2, " three value methods " is adopted to describe visual happy line file, have better illustrative than traditional black and white method, avoid the change of the file fingerprint that minor fluctuations that black and white two-value method causes under noise jamming causes simultaneously, therefore this kind of method has better " robustness ".
3, have employed the maximal subset that clustering algorithm obtains rhythm starting point, this kind of method has than a lot of theoretical algorithm and better realizes effect, it filters pseudo-some subset effectively, although also filter out some available points simultaneously, ensure that the existence of effective rhythm starting point from probability.
4, the final happy line tag file generated, the coloured graph-based of tool, the positional information of the rhythm starting point simultaneously in header file, retrieval original position can be set up rapidly when happy line retrieval, and the comparison breviaty of whole music file tag file will have been become to the process of only rhythm start position fragment being compared.

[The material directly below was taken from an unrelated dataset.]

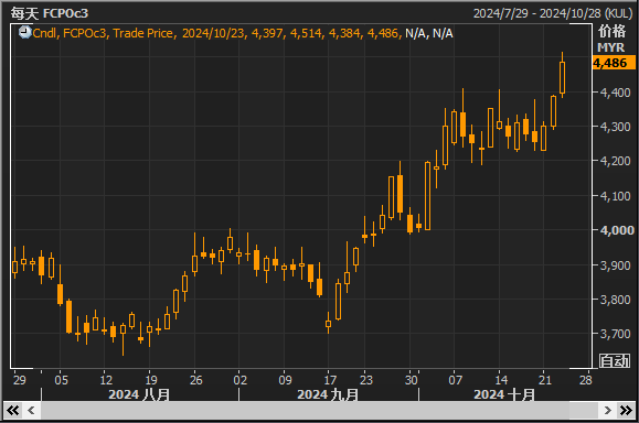 截至2024年10月23日,马来西亚衍生品交易所的1月交割的棕榈油基准合约(FCPOc3)上涨100林吉特,涨幅达2.28%,收于每吨4,486林吉特(约1,031.98美元)。盘中价格一度达到4,514林吉特,这是自2022年7月以来的最高点。此次价格上涨主要受到马来西亚和印尼两大生产国政策变化的推动,再加上对未来棕榈油产量下滑的预期,市场情绪被点燃。

Accompanying drawing explanation
Fig. 1 is functions implementing the present invention block diagrams.
Fig. 2 is original CD music pretreatment process figure.
Fig. 3 is two-dimentional happy print image generative process figure.

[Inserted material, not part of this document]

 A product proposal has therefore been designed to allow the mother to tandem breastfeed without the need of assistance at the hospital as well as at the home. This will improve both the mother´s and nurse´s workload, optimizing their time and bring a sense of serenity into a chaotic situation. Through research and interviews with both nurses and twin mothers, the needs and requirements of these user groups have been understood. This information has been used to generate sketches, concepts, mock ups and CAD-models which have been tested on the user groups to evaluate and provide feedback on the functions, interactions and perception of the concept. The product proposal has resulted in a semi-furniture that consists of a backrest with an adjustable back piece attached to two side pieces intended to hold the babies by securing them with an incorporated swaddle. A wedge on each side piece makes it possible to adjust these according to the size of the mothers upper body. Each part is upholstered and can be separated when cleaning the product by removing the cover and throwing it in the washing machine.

Fig. 4 definitely hears Bark curve map.
Fig. 5 adopts " three value methods " to the schematic diagram carrying out interleaving block process output court verdict between adjacent block.
Fig. 6 is by three values { the matrix schematic diagram of 32 row that-1,0,1} forms.
Fig. 7 is the visual image schematic diagram of the happy line of music.
Fig. 8 is music start position extracting method flow chart.
Fig. 9 is peak-to-peak power points before treatment and the peak-to-peak power points schematic diagram after filtering.
Figure 10 is visual happy line document format data figure.
Detailed description of the invention
Below in conjunction with accompanying drawing, technical scheme of the present invention is described in further detail:
As shown in Figure 1, the present invention proposes a kind of happy line feature extraction of music content and method for expressing based on having regular drumbeat rhythm, mainly comprises: the pretreatment of original CD music, two-dimentional happy print image generation method, music start position extracting method, happy line tag file method for expressing.Wherein, two-dimentional happy print image generation method comprises: to the non-linear Bark subband separation process of sampling point sequence, antithetical phrase band carries out the filtration of perception thresholding, and sub belt energy is sued for peace, the process of matrix intersector block, happy line character representation, the processes such as the happy print image display of two-dimensional color.Music start position extracting method comprises: extract the rhythmic stress in music, eliminate pseudo-stress sampling point, effective rhythm start point data is obtained by clustering algorithm, and by start of record deviation post, final and two dimension happy print image file synthesis one has the happy line tag file that unique identification specifies music.
For classical music, the main method specific implementation step of the present invention is as follows:
A, pretreatment are read original classical music file and carry out the preparation measures before happy line extraction.As shown in Figure 2, following steps are specifically comprised:
A1, framing, getting every 16384 sampling points is a frame, and overlap coefficient is 31/32 simultaneously, and namely adjacent two frames only have 512 sample values to be different.
A2, introducing preemphasis process, by channel H (z)=1-α z -1come filter background noise and channel white noise, wherein empirical coefficient α ∈ (0.9375,1), z is the transform factor.
The RASTA wave filter that A3, this method adopt, RASTA wave filter is a time series IIR type bandpass filter, filtration fraction short duration high frequency interference noise; The characteristic of channel is: H ( z ) = 0.1 × 2 + z - 1 - z - 3 - 2 z - 4 z - 4 × ( 1 - 0.94 z - 1 ) .
A4, to filter after time series frame, carry out loading Hanning window (length of window is 16384), introduce empirical coefficient simultaneously β = 8 / 3 .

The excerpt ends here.